Goal of the exercise
Report every line from the material that contains the word "existing".

Material for the task
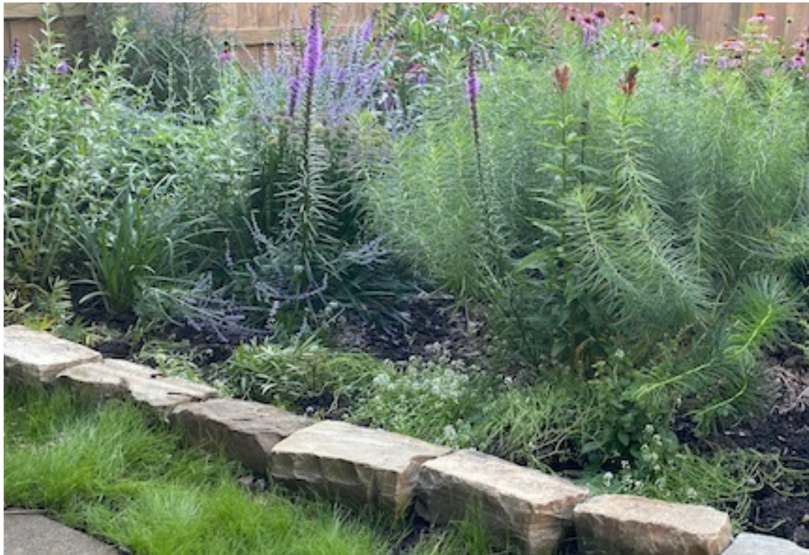
Example of Belgian block used as edging.

For a modern look, try plastic edging that is flush with the ground level or consider a CorTen steel edging product with a natural patina or a sprayed dark coating. If you'd like to reuse your existing Belgian block stone edging but don't have enough, try sourcing it from Craigslist or local Freecycle groups.
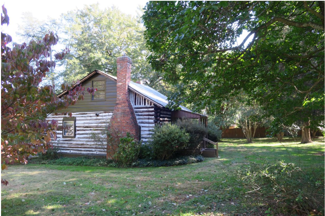
Figure 1 – 307 Cabin Road Southeast

Recommendation to the Town Council on a final plat for the Addition to the Jennie Lynn Division to subdivide one lot into two lots on property located at 307 Cabin Road SE in the RS-10, Single-Family Detached Residential zone. Application filed by Ted Britt, P.E. of Tri-Tek Engineering. (Recommended new address of 305 Cabin Road SE in addition to existing address)
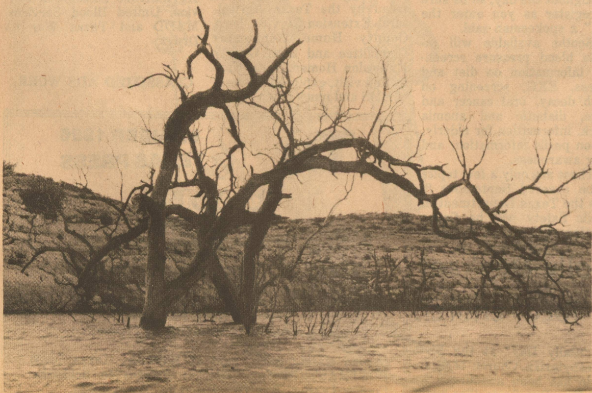
Amistad water covered everything on the river.
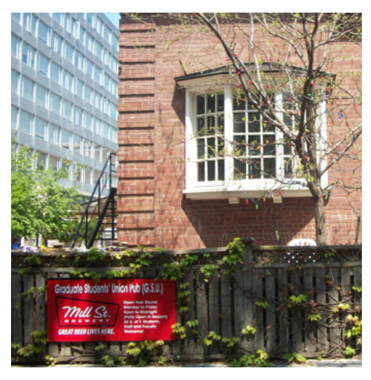
The Graduate Student Union pub on the University of Toronto campus.
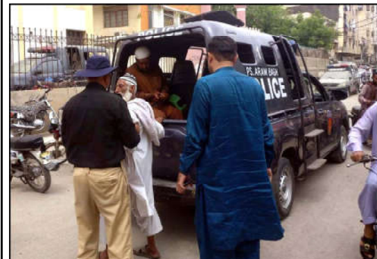
KARACHI: Police officials arrested the beggars after crackdown against beggars over the directions of the Commissioner Karachi and DC South, at Aram Bagh in Karachi.
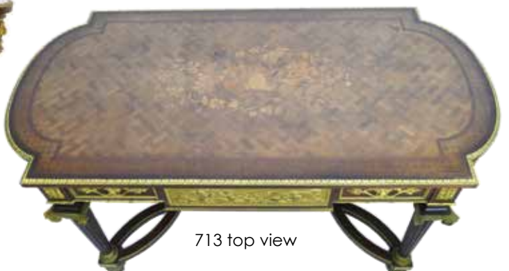
713 top view
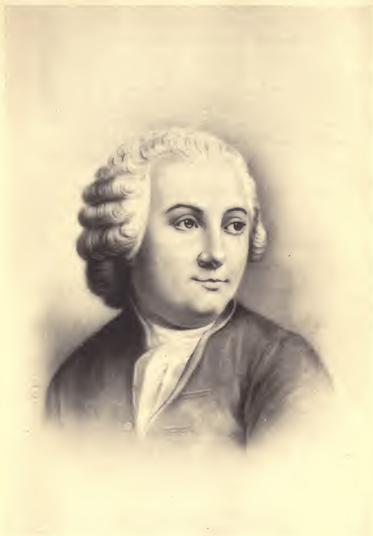
ÉTIENNE BONNOT DE CONDILLAC.

Answer box
For a modern look, try plastic edging that is flush with the ground level or consider a CorTen steel edging product with a natural patina or a sprayed dark coating. If you'd like to reuse your existing Belgian block stone edging but don't have enough, try sourcing it from Craigslist or local Freecycle groups.
Recommendation to the Town Council on a final plat for the Addition to the Jennie Lynn Division to subdivide one lot into two lots on property located at 307 Cabin Road SE in the RS-10, Single-Family Detached Residential zone. Application filed by Ted Britt, P.E. of Tri-Tek Engineering. (Recommended new address of 305 Cabin Road SE in addition to existing address)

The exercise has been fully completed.